§ **WORK INSTRUCTION**
Nothing but the pictures should be left out when you copy the records exactly.

[Recorded data]
*-*-*

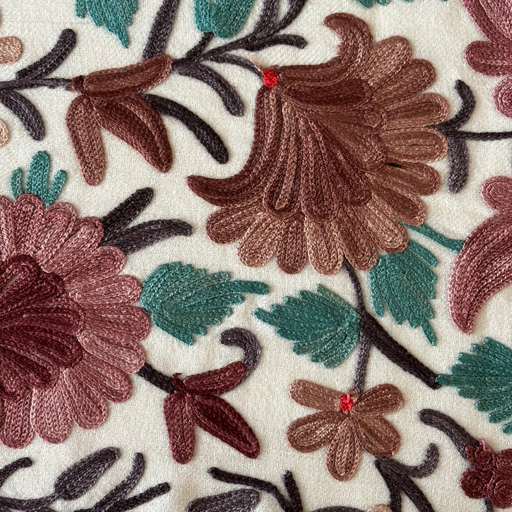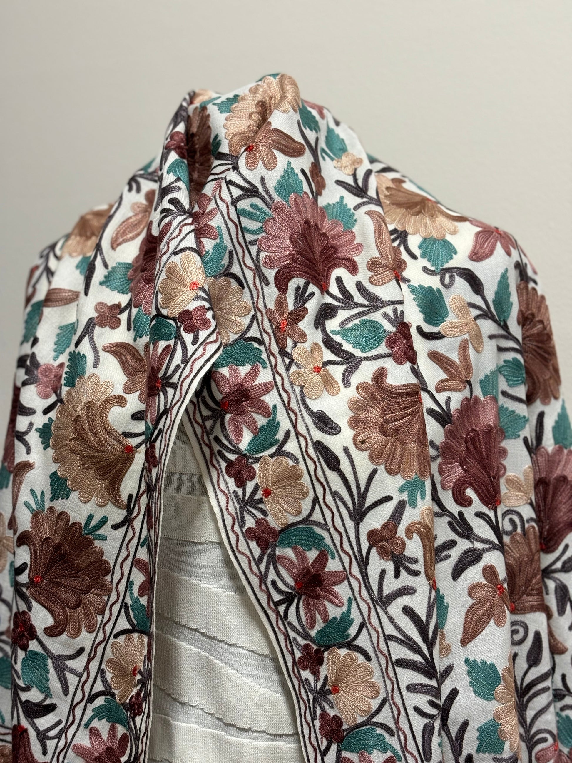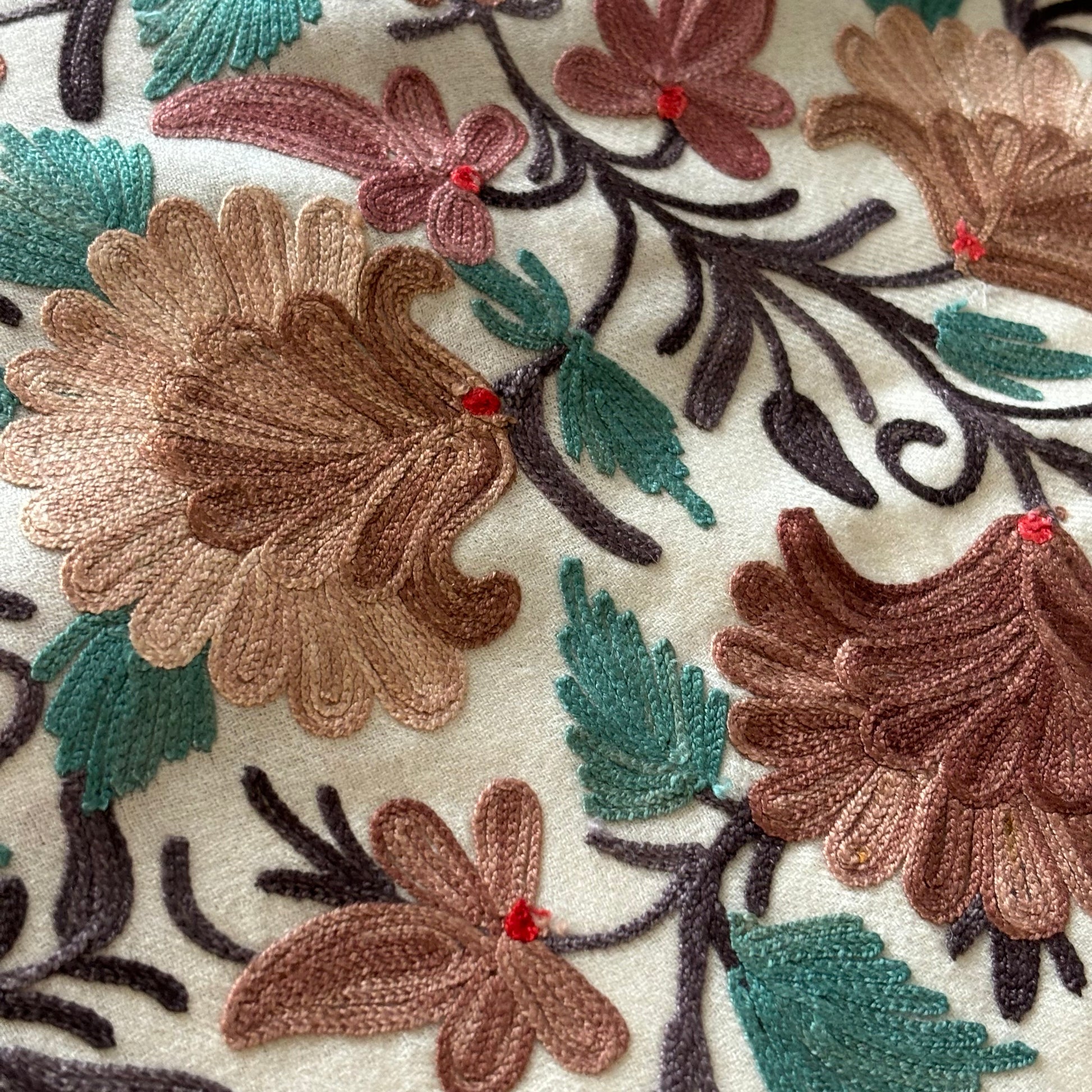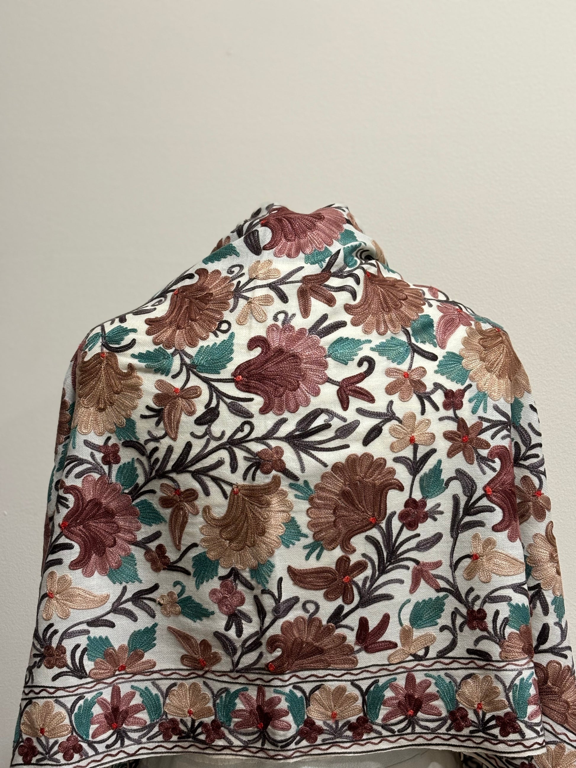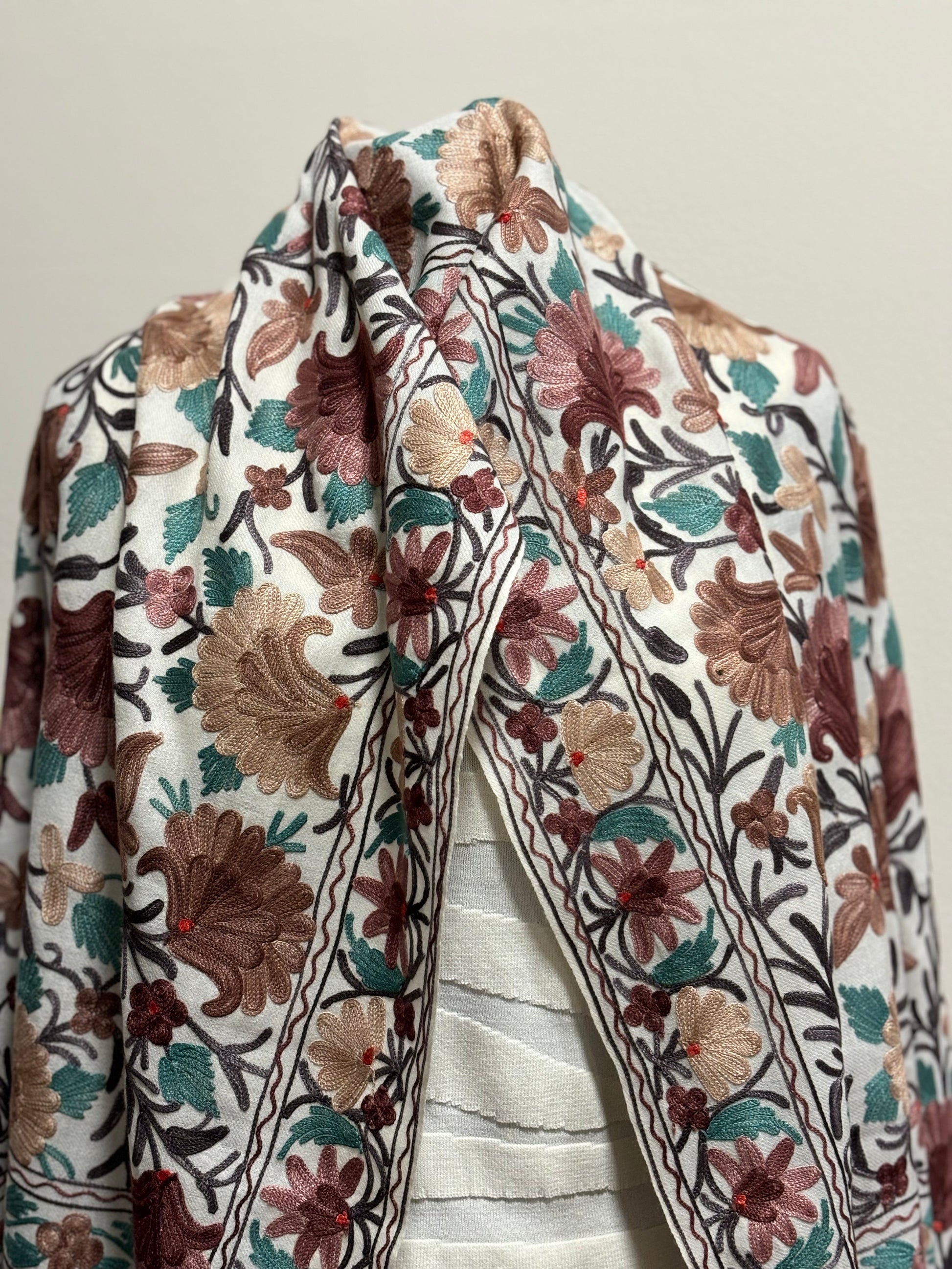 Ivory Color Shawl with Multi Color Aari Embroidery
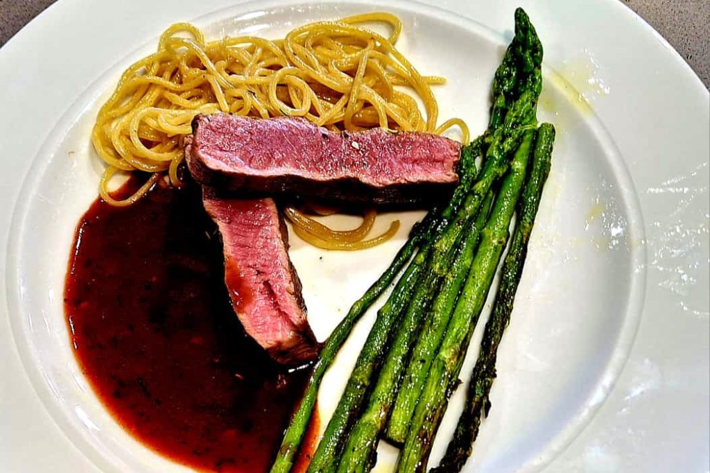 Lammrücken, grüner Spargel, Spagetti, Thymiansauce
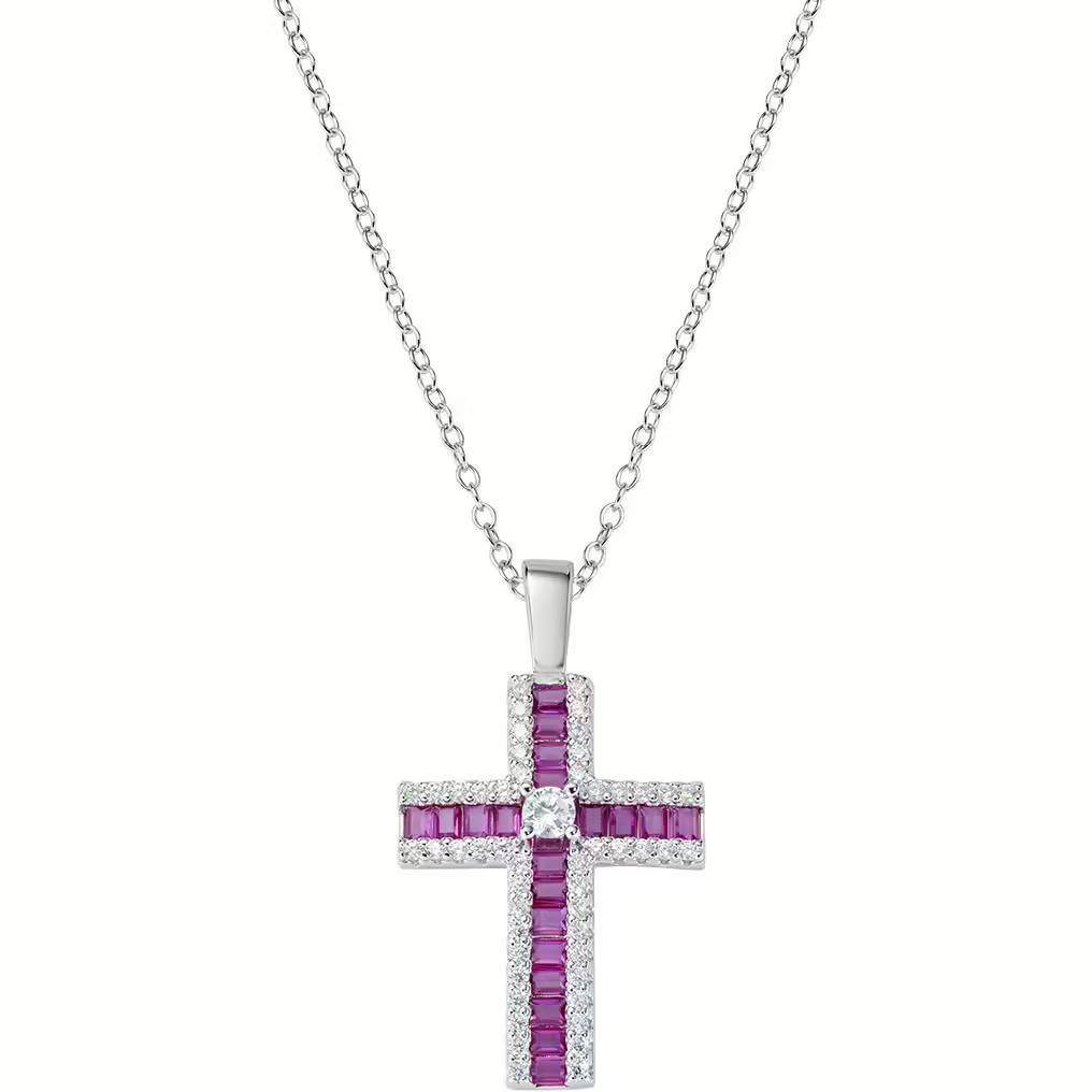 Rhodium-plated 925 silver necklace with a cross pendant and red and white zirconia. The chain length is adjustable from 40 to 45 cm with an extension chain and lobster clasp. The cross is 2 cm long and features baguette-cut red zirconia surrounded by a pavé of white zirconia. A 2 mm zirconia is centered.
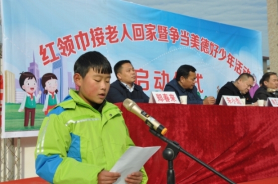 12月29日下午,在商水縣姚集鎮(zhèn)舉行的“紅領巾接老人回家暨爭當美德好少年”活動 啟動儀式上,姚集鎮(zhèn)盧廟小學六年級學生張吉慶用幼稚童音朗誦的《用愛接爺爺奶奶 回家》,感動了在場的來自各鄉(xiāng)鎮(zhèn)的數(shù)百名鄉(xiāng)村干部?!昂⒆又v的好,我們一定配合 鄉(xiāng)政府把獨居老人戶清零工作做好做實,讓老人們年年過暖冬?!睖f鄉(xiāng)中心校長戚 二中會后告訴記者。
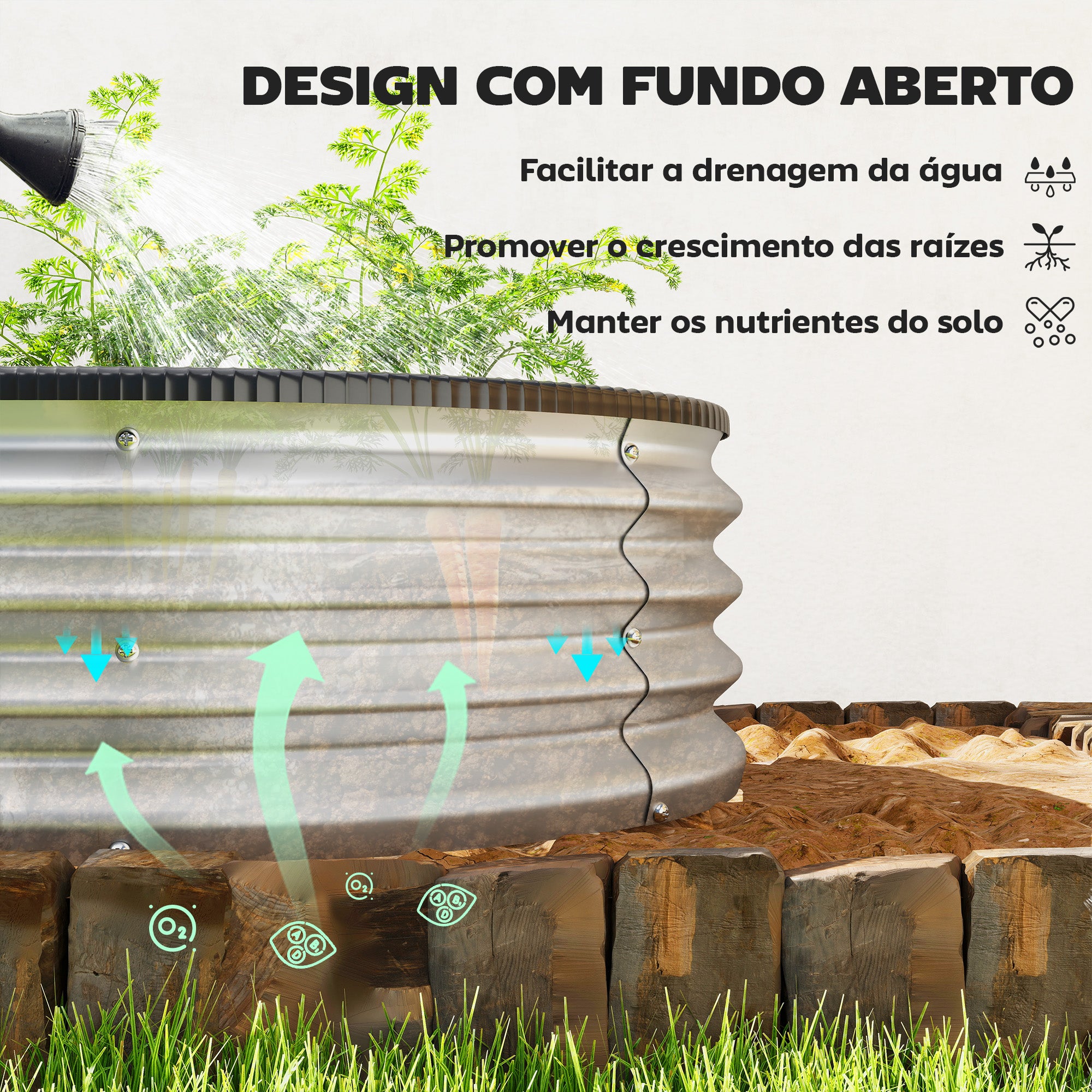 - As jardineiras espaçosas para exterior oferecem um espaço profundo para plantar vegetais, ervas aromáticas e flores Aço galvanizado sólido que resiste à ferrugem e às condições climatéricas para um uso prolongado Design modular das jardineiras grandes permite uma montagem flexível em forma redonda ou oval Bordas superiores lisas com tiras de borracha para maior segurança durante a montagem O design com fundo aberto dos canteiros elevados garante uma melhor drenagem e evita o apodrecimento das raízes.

*-*-*

§ **ANSWER TO THE PROBLEM**
 Ivory Color Shawl with Multi Color Aari Embroidery
 Lammrücken, grüner Spargel, Spagetti, Thymiansauce
 Rhodium-plated 925 silver necklace with a cross pendant and red and white zirconia. The chain length is adjustable from 40 to 45 cm with an extension chain and lobster clasp. The cross is 2 cm long and features baguette-cut red zirconia surrounded by a pavé of white zirconia. A 2 mm zirconia is centered.
 12月29日下午,在商水縣姚集鎮(zhèn)舉行的“紅領巾接老人回家暨爭當美德好少年”活動 啟動儀式上,姚集鎮(zhèn)盧廟小學六年級學生張吉慶用幼稚童音朗誦的《用愛接爺爺奶奶 回家》,感動了在場的來自各鄉(xiāng)鎮(zhèn)的數(shù)百名鄉(xiāng)村干部?!昂⒆又v的好,我們一定配合 鄉(xiāng)政府把獨居老人戶清零工作做好做實,讓老人們年年過暖冬?!睖f鄉(xiāng)中心校長戚 二中會后告訴記者。
 - As jardineiras espaçosas para exterior oferecem um espaço profundo para plantar vegetais, ervas aromáticas e flores Aço galvanizado sólido que resiste à ferrugem e às condições climatéricas para um uso prolongado Design modular das jardineiras grandes permite uma montagem flexível em forma redonda ou oval Bordas superiores lisas com tiras de borracha para maior segurança durante a montagem O design com fundo aberto dos canteiros elevados garante uma melhor drenagem e evita o apodrecimento das raízes.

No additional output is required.